I understand completely! I just feel like… anyone who undergoes such a major physical change would have to deal with that reality… that reality that society is superficial as hell, and to not let THAT affect how we look at ourselves as individual people. It’s strange, but it’s real.

The weirdest thing was people who I’d been tight with for a long time, all of a sudden asking for more of my time than they’d ever asked for before. That was jarring… but that has more to do with THEM, not me, so I just try to enjoy myself without internalizing THAT silliness.

Since I’m STILL in the process of changing my body, I’m trying to embrace the changes I STILL HAVE to undergo as well as what I’ve accomplished thus far.
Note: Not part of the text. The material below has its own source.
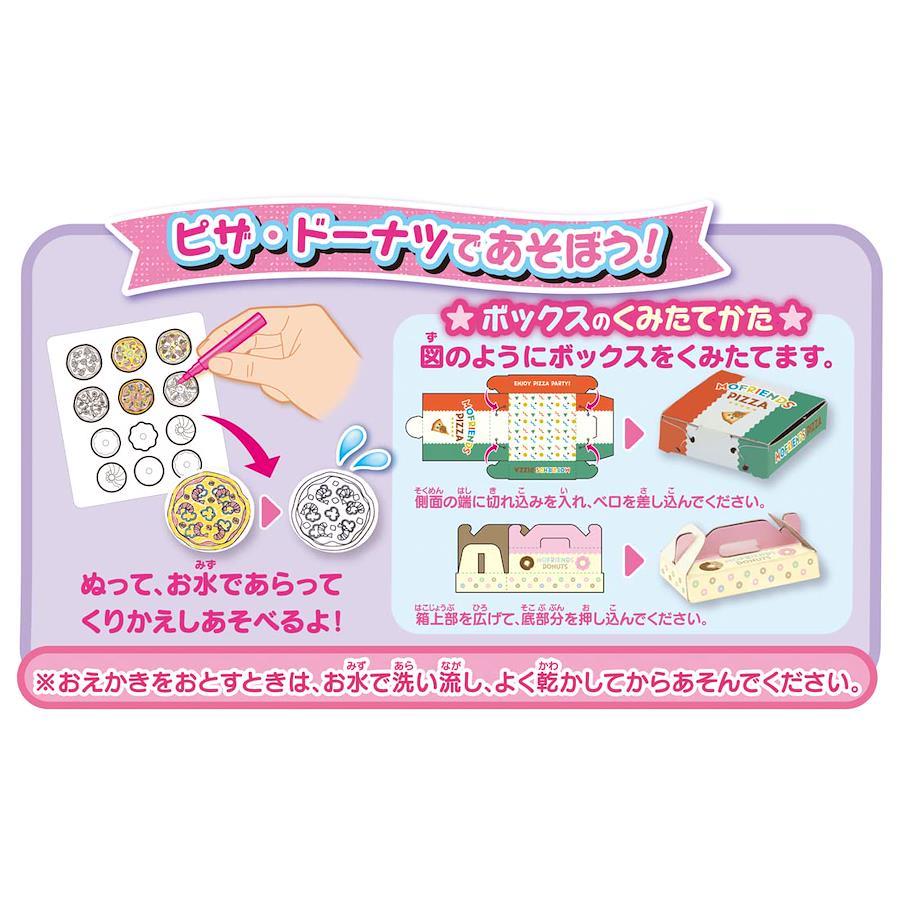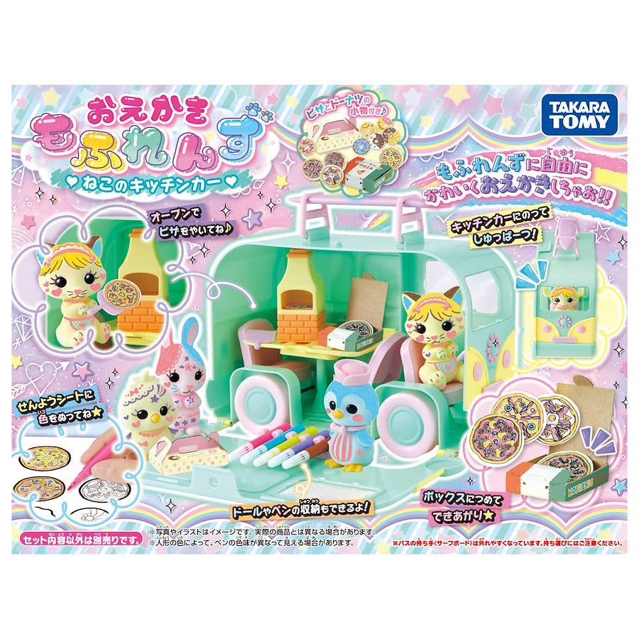 人気の「おえかき遊び」と「お人形遊び」の両方が楽しめる「おえかきもふれんず」!人気のねこと専用ペンに加えキッチンカー、ドーナツやピザなどの小物が入ったごっこあそびが楽しめる商品です。「おえかきもふれんず」は付属のドールに専用ペンで「おえかき」すると、お水で落としてくり返しおえかきすることができます。お気に入りのドールができたらキッチンカーでごっこあそびをたのしもう。付属のドーナツとピザに好きな味付け(おえかき)をしたらオーブンでやきあげてね。できあがったドーナツやピザをボックスに詰めたら、キッチンカーでドライブにしゅっぱつ!※キッチンカーはドールや専用ペン、小物などの収納としても使用できます。※ドーナツ・ピザは何度もくりかえしおえかきができます。

It’s strange owning up to that. *big hug* I understand you a lot on that. 🙂

Sarah November 30, 2010 - 2:46 PM

Hi, Erika,

I love your site and have gotten so much encouragement and great advice here. Thank you so much for all you do!

I can’t help wondering about the fact that you posted a picture of yourself actually distorting your face in the mirror, to accompany a post about being comfortable with the new “you” that you see in that mirror. I could just be completely dense and missing intentional irony here (it HAS been known to happen, lol). But if not, I really think it’s something to think on!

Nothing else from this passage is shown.